Die schleswig-holsteinische CDU kommt nicht zur Ruhe. Nach Kommunalpolitiker Timo Kux tritt nun auch der frisch gekürte CDU-Landtagskandidat im Wahlkreis Dithmarschen-Schleswig, Thomas Klömmer, zurück. "Mit meinem Verzicht auf die Kandidatur möchte ich einen Neustart im Wahlkreis ermöglichen und einen eigenen Beitrag für die Glaubwürdigkeit der CDU und die politische Kultur leisten", erklärte der 33-jährige Bürgermeister aus Erfde am Donnerstag in einer Pressemitteilung.
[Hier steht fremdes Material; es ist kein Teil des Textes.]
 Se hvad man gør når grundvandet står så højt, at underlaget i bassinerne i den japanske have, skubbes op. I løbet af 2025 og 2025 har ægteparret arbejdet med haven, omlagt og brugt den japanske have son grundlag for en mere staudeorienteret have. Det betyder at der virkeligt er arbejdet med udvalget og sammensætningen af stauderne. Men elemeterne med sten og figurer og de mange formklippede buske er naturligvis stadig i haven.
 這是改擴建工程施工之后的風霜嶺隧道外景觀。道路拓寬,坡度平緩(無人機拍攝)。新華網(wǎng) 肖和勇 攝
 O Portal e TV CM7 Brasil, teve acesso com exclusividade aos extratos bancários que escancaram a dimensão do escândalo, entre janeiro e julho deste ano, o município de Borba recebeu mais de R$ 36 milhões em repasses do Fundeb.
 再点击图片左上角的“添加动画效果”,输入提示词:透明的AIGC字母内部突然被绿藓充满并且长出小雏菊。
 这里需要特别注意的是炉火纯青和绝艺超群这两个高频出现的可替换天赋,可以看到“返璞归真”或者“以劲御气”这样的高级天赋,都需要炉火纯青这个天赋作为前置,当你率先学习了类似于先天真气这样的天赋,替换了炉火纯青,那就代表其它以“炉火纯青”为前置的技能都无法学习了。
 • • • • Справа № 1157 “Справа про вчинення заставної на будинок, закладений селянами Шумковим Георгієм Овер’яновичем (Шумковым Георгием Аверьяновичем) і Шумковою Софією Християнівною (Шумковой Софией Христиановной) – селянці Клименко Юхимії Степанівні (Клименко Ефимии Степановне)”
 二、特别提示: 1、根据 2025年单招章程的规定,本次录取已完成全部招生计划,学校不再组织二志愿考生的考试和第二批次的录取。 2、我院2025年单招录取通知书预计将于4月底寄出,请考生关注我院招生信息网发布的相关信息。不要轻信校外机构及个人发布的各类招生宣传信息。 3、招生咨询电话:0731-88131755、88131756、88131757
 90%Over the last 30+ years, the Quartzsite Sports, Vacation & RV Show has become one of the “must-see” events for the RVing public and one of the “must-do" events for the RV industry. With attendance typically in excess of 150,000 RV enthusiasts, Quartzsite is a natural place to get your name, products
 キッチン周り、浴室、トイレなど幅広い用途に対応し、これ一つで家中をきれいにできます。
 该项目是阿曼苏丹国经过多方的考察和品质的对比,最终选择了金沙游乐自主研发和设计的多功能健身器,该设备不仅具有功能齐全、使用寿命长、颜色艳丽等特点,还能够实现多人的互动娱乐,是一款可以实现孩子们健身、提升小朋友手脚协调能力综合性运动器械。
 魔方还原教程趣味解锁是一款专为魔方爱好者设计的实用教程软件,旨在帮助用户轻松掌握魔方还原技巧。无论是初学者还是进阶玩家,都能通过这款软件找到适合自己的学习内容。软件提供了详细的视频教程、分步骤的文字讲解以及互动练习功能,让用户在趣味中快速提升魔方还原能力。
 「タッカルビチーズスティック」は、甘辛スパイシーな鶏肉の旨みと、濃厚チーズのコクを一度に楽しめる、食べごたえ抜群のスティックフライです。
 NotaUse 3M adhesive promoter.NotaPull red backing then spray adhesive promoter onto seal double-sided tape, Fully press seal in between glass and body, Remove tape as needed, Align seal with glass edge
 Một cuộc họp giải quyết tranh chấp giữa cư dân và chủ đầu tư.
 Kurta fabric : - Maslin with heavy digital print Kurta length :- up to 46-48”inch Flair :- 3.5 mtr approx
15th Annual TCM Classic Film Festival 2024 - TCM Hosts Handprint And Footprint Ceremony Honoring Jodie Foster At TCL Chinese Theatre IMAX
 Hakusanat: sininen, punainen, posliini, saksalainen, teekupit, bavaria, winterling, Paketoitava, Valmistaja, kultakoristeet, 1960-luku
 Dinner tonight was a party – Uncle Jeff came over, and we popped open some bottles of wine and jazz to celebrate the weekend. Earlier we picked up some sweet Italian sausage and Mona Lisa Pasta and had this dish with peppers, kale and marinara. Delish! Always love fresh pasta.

Eine neue Kandidatur für die Landtagswahl 2017 strebe er nicht an. Der bei der Nominierung in der Stichwahl unterlegene Heider Kommunalpolitiker Andreas Hein kündigte nach Informationen von NDR 1 Welle Nord an, sich erneut bewerben zu wollen.

CDU will Glaubwürdigkeit und Vertrauen zurückgewinnen

Klömmers Parteikollegen zollten dem Rücktritt Respekt. "Ich begrüße die Entscheidung von Thomas Klömmer, seine Kandidatur im Wahlkreis Dithmarschen-Schleswig zurückzuziehen und somit den Weg für einen Neustart frei zu machen", teilte der CDU-Landeschef Ingbert Liebing mit. "Er leistet damit einen Beitrag, dass wir zu einem Neustart in dieser schwierigen Situation kommen können, dass wir wieder Glaubwürdigkeit und Vertrauen in die politische Kultur finden", sagte Schleswig-Flensburgs CDU-Kreisvorsitzender Johannes Callsen dem Schleswig-Holstein Magazin. Der Rücktritt sei ein klarer Schnitt, der einen soliden Neustart ermögliche.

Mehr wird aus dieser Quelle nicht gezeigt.